Last summer I read The Last Jihad by Joel C. Rosenberg, and it was incredible! But, I never read the others in this series. Before becoming an author, Joel worked as an aide to U.S. and Israeli business and big name political leaders. He knows this stuff intimately. There’s a new battle for control of Jerusalem and the Holy Land and an Iraqi plan to rebuild ancient Babylon. It’s eerily prophetic. LOVED it so much that…

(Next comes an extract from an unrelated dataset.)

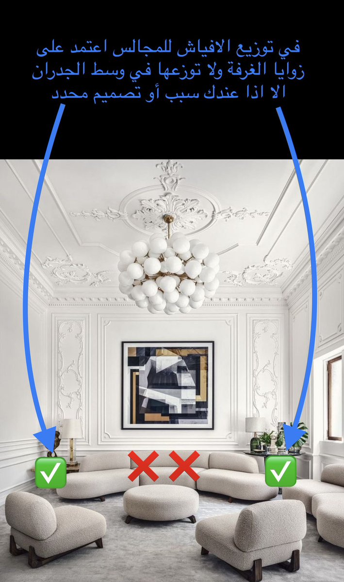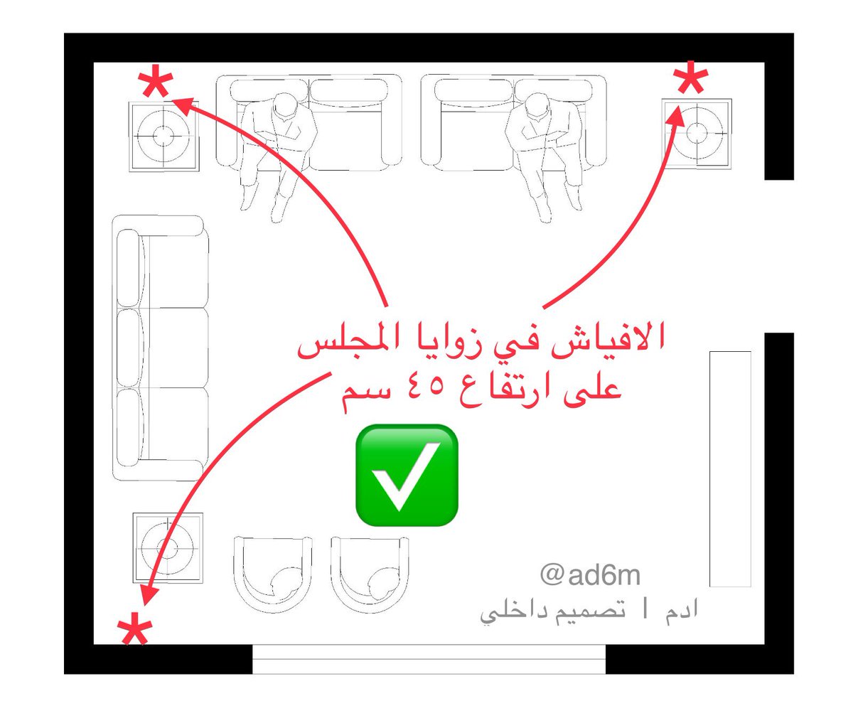 توزيع أفياش الكهرباء في المجالس في الجدران بشكل عشوائي ويعتبر من أكثر الاخطاء انتشاراً والصحيح توزيعها على زوايا المجلس

After The Last Days I immediately read The Ezekiel Option, and it’s the best Joel Rosenberg book I’ve read! Sequels are never this good! When Russia’s richest oil baron is killed, Moscow suddenly teeters on the verge of political chaos. Tehran races to complete its nuclear arsenal. Washington finds herself dangerously divided from her European allies. A new evil looms on the horizon. A dictator is rising in Russia. Iran is feverishly building nuclear weapons. A new axis of evil is emerging, led by Moscow and Tehran. And Jon Bennett and Erin McCoy, two senior White House advisors, find themselves facing the most chilling question of their lives: is the world rushing to the brink of an apocalypse prophesied more than 2,500 years ago? I devoured this one in just a day or two. It is seriously that good. Don’t forget, this is book 3, so start with The Last Jihad!

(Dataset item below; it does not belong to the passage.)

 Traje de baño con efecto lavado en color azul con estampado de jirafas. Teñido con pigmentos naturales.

This book was…I really don’t know how to describe it. “My sincere hope is that this book is the closest you will ever come to experiencing hell for yourself”–Bill Wiese saw the searing flames of hell, felt total isolation, and experienced the putrid and rotting stench, deafening screams of agony, terrorizing demons, and finally, the strong hand of God lifting him out of the pit. Let’s just say you will want to run down your streets yelling, “Turn or Burn!”. If you’re curious, read it. Especially if you want to know how to better evangelize your communities.
I really enjoyed The Residence. I do realize it might not be for some of you though. If you like American history, politics, or even Scandal, you’ll enjoy this book. America’s First Families are unknowable in many ways. No one has insight into their true character like the people who serve their meals and make their beds every day. This book combines incredible first-person anecdotes from extensive interviews with White House staff members. You can an inside scoop of the Kennedy assassination, which Presidents and First Ladies were the most warm and welcoming to those that were most disliked, and the detailed account of 9/11 is haunting. It’s an incredible read.
I really liked this one! I’ve heard really good things about Mary Kay Andrews, and I found a few of hers in the bargain section at Books a Million and decided to try them out. Beach Town was great! Movie location scout Greer Hennessy is tasked with finding a town that represents “old Florida”, somewhere far from tourists and theme parks. She finds the perfect spot in tiny Cypress Key, but runs into a roadblock when the town’s mayor, Eben Thibadeaux, has some reservations about having a big-budget film crew descending on his hometown. Greer manages to persuade Eben that a touch of Hollywood will be a boon to the local economy, but once filming gets underway chaos (and romance) ensues.